From dropping crop prices to diminishing foreign markets to devastating droughts in some parts of the country, many of our farmers and ranchers are facing the worst crisis in a decade. My administration has done what we can to ease this crisis, from increasing our food purchases for humanitarian aid around the world, to speeding up farm program payments, to ensuring $6 billion in emergency aid last year to help farmers in need. To really help our farmers and ranchers, we have to fix the underlying problem.

Let's just face it: The 1996 farm bill simply does not do enough to help our farmers and ranchers cope in hard times. It doesn't give me or the United States Department of Agriculture the tools we need to help farmers and ranchers thrive over the long term, from providing critical income assistance to farmers who need it most in bad years to making it easier for farmers to buy crop insurance and improving our crop insurance program to continuing our efforts to expand markets abroad and ensure fair practices here at home. That's the right way to help our farmers and ranchers over the long term.

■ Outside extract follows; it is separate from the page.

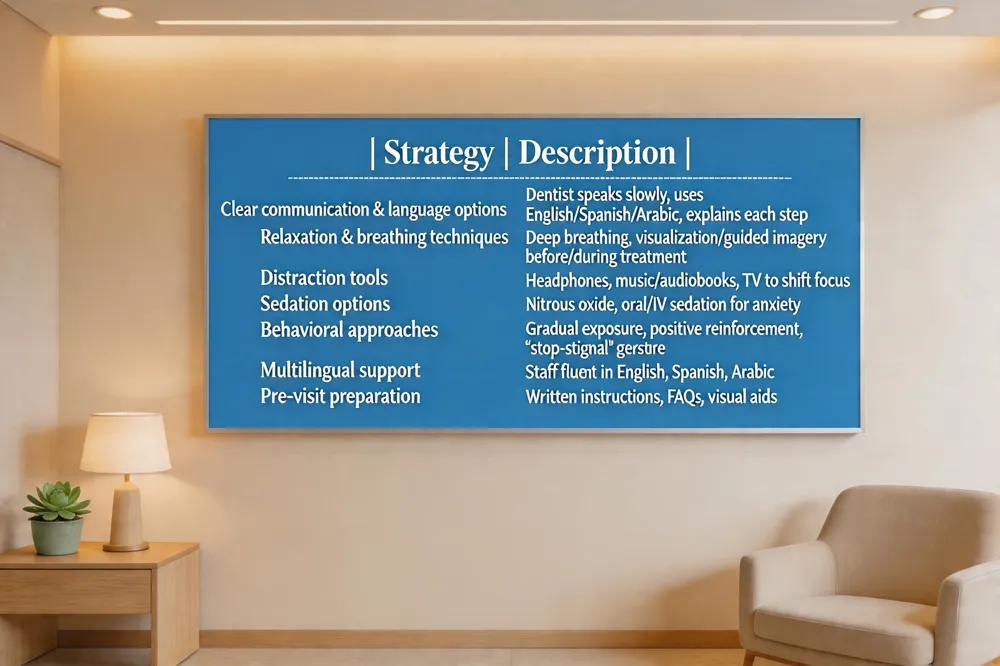 | Clear communication & language options | Dentist speaks slowly, uses patient’s preferred language (English, Spanish, Arabic) and explains each step |

I am committed to working with Congress to provide the resources to help our farmers and ranchers by dealing with today's crisis and by fixing the farm bill for the future. We must do so in a way that maintains the fiscal discipline that has created our prosperity and that now makes it possible for us to save Social Security, to strengthen and modernize Medicare with a prescription drug benefit, and to pay off our national debt, guaranteeing our long-term financial prosperity. These things are good for America's farming and ranching families, too, and they're good for all Americans.

NOTE: The President's remarks were recorded at approximately 10 p.m. aboard Air Force One at Aviano Air Base, Italy, for later broadcast. The transcript was released by the Office of the Press Secretary on July 31. These remarks were also made available on the White House Press Office Radio Actuality Line.